Outcome and survival of asymptomatic PML in natalizumab-treated MS patients

Abstract

Objective: As of 3 September 2013, 399 cases of natalizumab-associated progressive multifocal leukoencephalopathy (PML) were confirmed in multiple sclerosis (MS) patients. We evaluated outcomes of natalizumab-treated MS patients who were asymptomatic at PML diagnosis.

Methods: Analyses included data available as of 5 June 2013. Asymptomatic patients diagnosed with PML by magnetic resonance imaging (MRI) findings and JC virus DNA detection in the central nervous system were compared with patients presenting with symptoms at diagnosis. Demographics, MRI, and survival over 12 months were analyzed. Expanded Disability Status Scale (EDSS) and Karnofsky Performance Scale (KPS) scores were recorded pre-PML, at diagnosis, and at 6 and 12 months post-diagnosis.

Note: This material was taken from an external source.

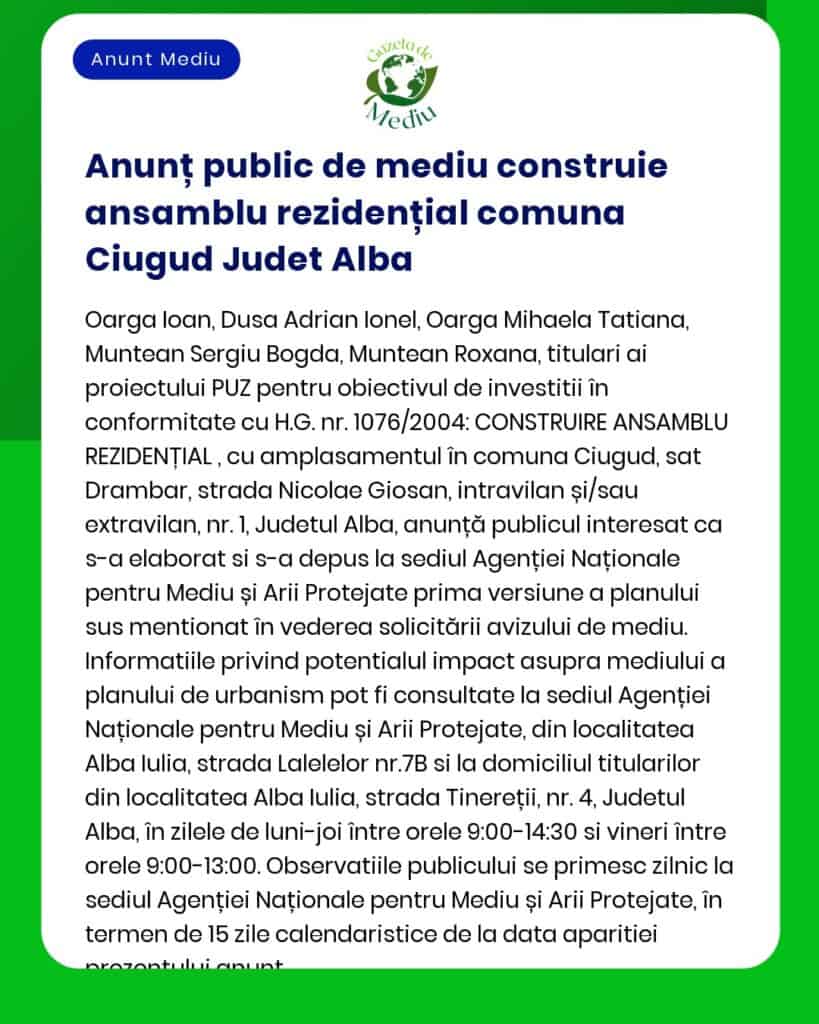 Anunț public de mediu construie ansamblu rezidențial comuna Ciugud Judet Alba

Results: A total of 372 PML cases were analyzed; 30 patients were asymptomatic and 342 were symptomatic at PML diagnosis. Classifications of PML lesions on MRI in asymptomatic versus symptomatic patients were unilobar in 68% versus 37%, multilobar in 21% versus 24%, and widespread in 11% versus 40%. In both groups with unilobar lesions, frontal lobe lesions predominated. Prior to PML, mean EDSS and KPS scores were similar for asymptomatic and symptomatic patients. At diagnosis, mean EDSS score was significantly lower for asymptomatic patients (4.1; n = 11) than for symptomatic patients (5.4; n = 193; P = 0.038). Six months after PML diagnosis, asymptomatic patients had less functional disability than symptomatic patients. As of 5 June 2013, 96.7% of asymptomatic patients and 75.4% of symptomatic patients were alive.

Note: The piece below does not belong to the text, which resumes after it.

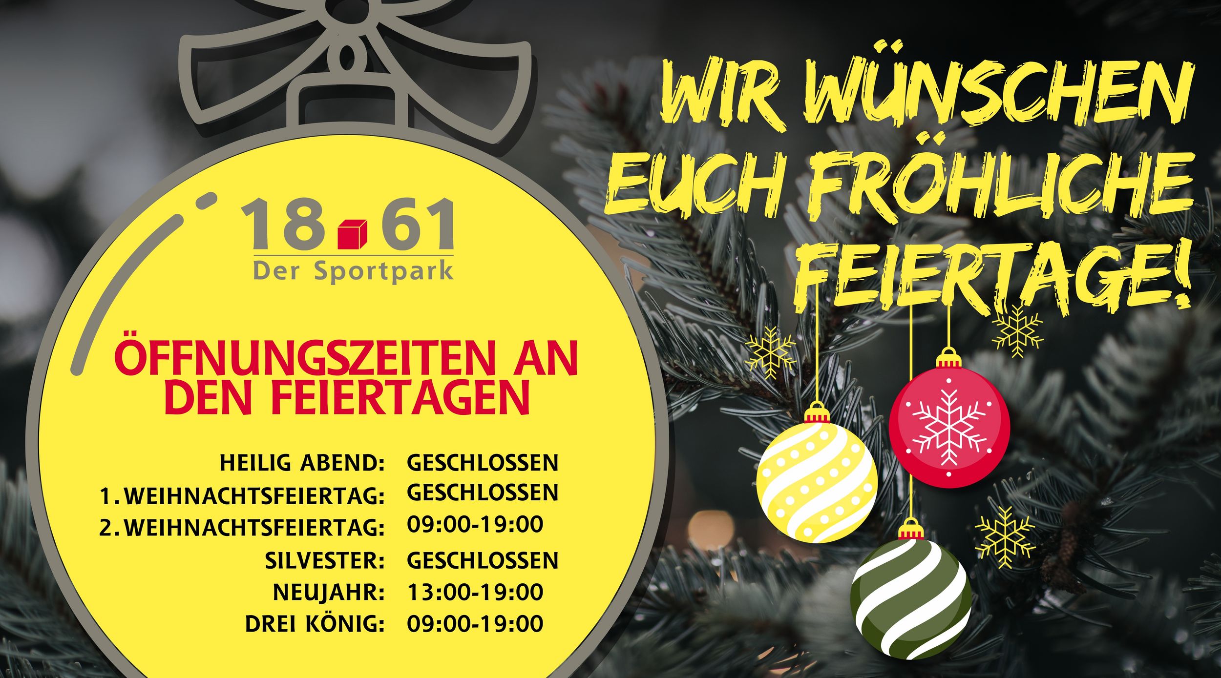 Wir wünschen euch frohe Feiertage und freuen uns auf euren Besuch!

Interpretation: PML patients asymptomatic at diagnosis had better survival and less functional disability than those who were symptomatic at diagnosis.

Figure 1

Distribution of PML lesions in asymptomatic and symptomatic PML patients. MRI data for 46 patients, including two asymptomatic patients, were not available. Total percentages may be greater than 100% due to rounding. PML, progressive multifocal leukoencephalopathy; MRI, magnetic resonance imaging.

Figure 2

Representative MRI scans of progression from asymptomatic to symptomatic PML. Asymptomatic PML was diagnosed in a 43-year-old woman with no prior IS use who had previously received interferon beta-1a. Twenty-two months after natalizumab initiation, she had no clinical signs of PML, but MRI showed a hyperintense cortical ribbon on both sides of the superior frontal sulcus (panel 1). Four months later the patient was still asymptomatic, but follow-up imaging showed multilobar lesions and natalizumab was discontinued (panel 2). Six months after first visualization of PML on MRI, PML symptoms, primarily visual, had developed and widespread lesions were present on brain MRI scan (panel 3). Anti-JCV antibody was detected in CSF at this time. MRI, magnetic resonance imaging; PML, progressive multifocal leukoencephalopathy; IS, immunosuppressive; JCV, JC virus; CSF, cerebrospinal fluid.

Figure 3

(A) EDSS and (B) KPS scores for asymptomatic and symptomatic PML patients measured over time. Weighted polynomial regression using the LOWESS algorithm. The EDSS and KPS scores for asymptomatic and symptomatic PML patients are shown for time points prior to PML diagnosis, at PML diagnosis, and post-PML diagnosis. Each symbol represents a single patient measurement at a single time point. EDSS and KPS scores were not available for all patients at all time points. Data prior to diagnosis were gathered from medical records. The dark gray lines represent polynomial regression trend-lines (LOWESS curves) for asymptomatic patients; the light gray lines represent polynomial regression trend-lines (LOWESS curves) for symptomatic patients. EDSS, Expanded Disability Status Scale; KPS, Karnofsky Performance Scale; PML, progressive multifocal leukoencephalopathy; LOWESS, locally weighted scatterplot smoothing.